TRY IT
Retype word for word the stretch of entries below from the line that has "3.Hot extract one" through the line that has "큰 차이로 다가오죠.", and omit the pictures.

SUPPLIED MATERIAL
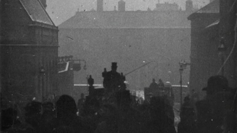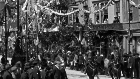 Crowds line the streets of Edwardian Manchester to send off an unidentified military hero.
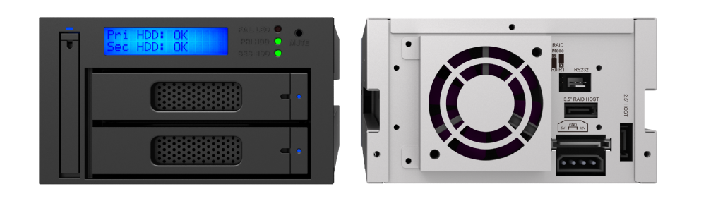 3.Hot extract one of the 3.5” hard disks periodically and bring it back to the data center for data storage or archive. And place new hard disk to maintain the RAID 1
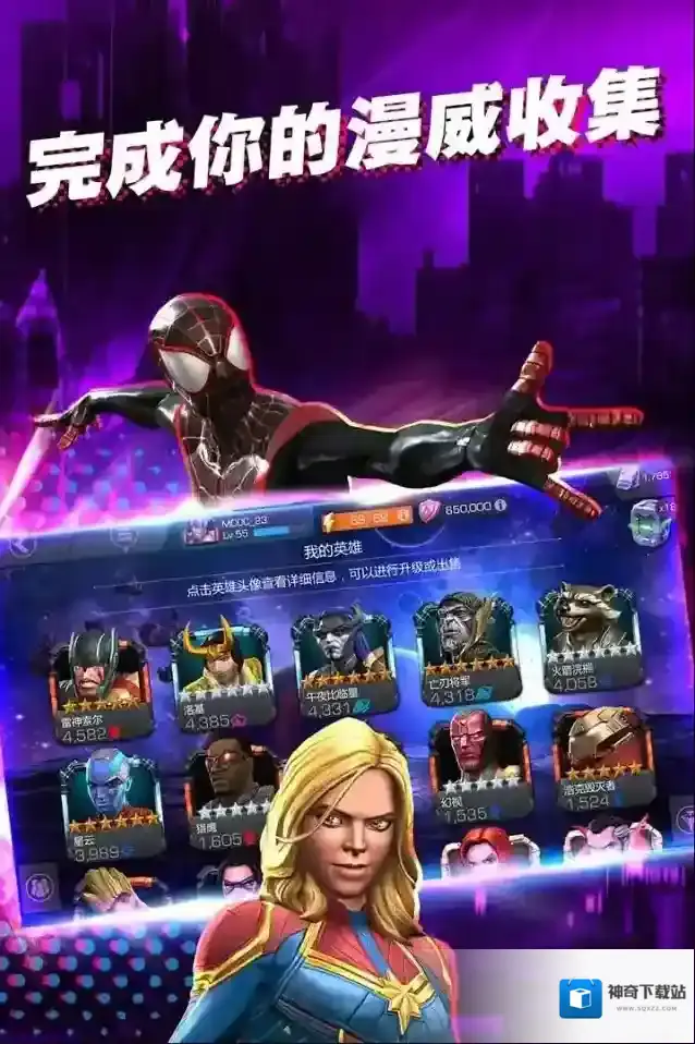 1、收集,升级,并根据漫威漫画情节中的人物关系,妥善地安排队伍中的英雄和反派成员来获得队友加成,越强力的英雄,他们的属性数值、能力以及特殊动作就越强。
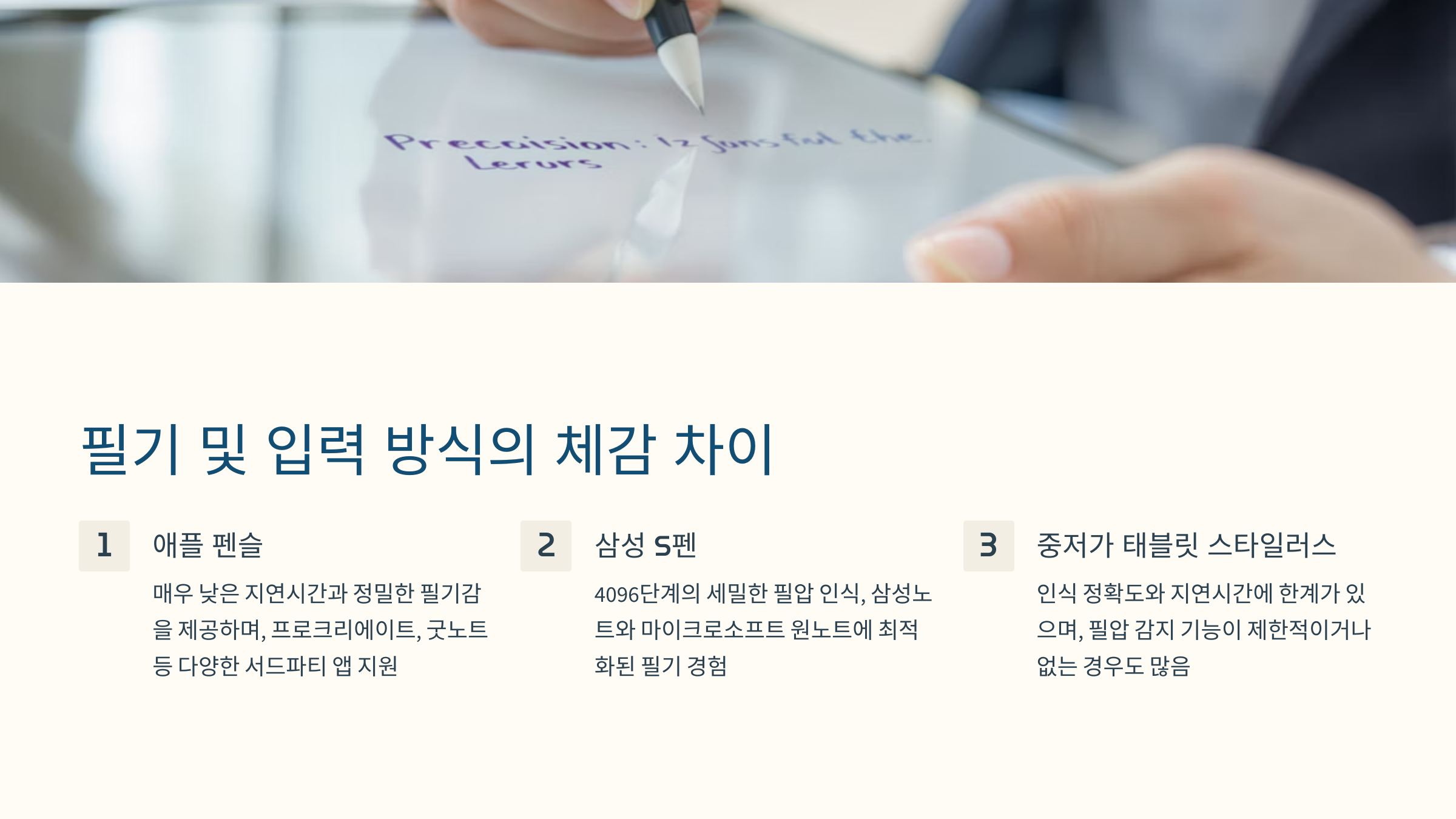 결론적으로, 단순히 "펜이 되냐"보다 "펜이 얼마나 빠르고 정확하게 인식되느냐", "얼마나 매끄럽게 기록되느냐"가 훨씬 중요해요. 이건 실제로 써보지 않으면 모를 만큼 큰 차이로 다가오죠.
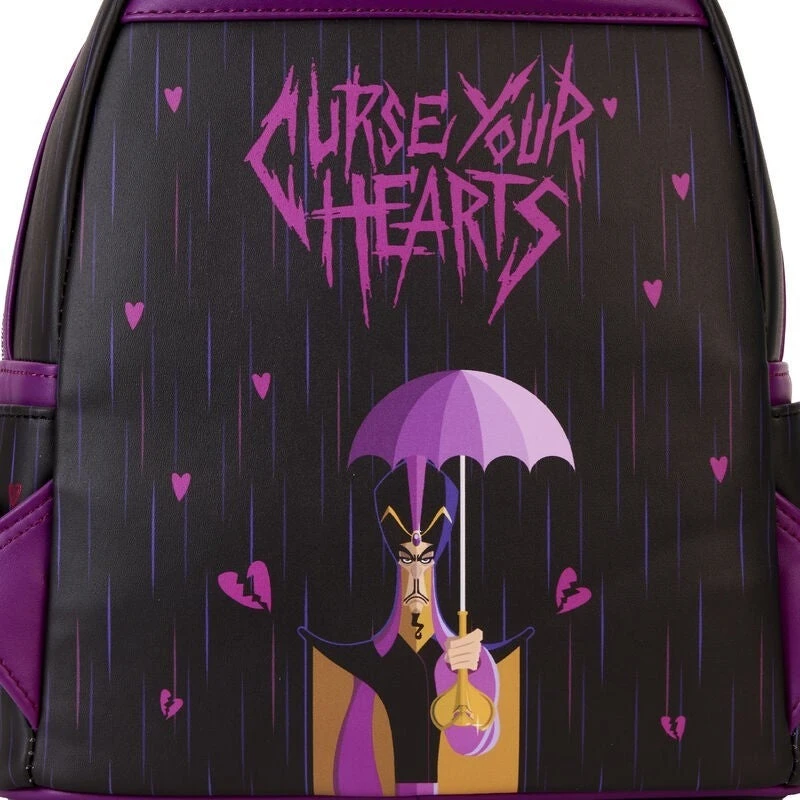 The Villains Curse Your Hearts Mini Backpack is made of vegan leather (polyurethane). Bag has adjustable shoulder straps, side pockets, a gunmetal-colored molded zipper charm, and gunmetal-colored hardware. Additional features include applique, debossed, foil, and printed details. Take note of the coordinating inside lining.
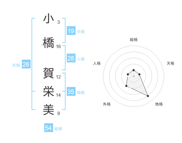 小橋 賀栄美さんの天格は19画の1点!

SOLVED EXERCISE
 3.Hot extract one of the 3.5” hard disks periodically and bring it back to the data center for data storage or archive. And place new hard disk to maintain the RAID 1
 1、收集,升级,并根据漫威漫画情节中的人物关系,妥善地安排队伍中的英雄和反派成员来获得队友加成,越强力的英雄,他们的属性数值、能力以及特殊动作就越强。
 결론적으로, 단순히 "펜이 되냐"보다 "펜이 얼마나 빠르고 정확하게 인식되느냐", "얼마나 매끄럽게 기록되느냐"가 훨씬 중요해요. 이건 실제로 써보지 않으면 모를 만큼 큰 차이로 다가오죠.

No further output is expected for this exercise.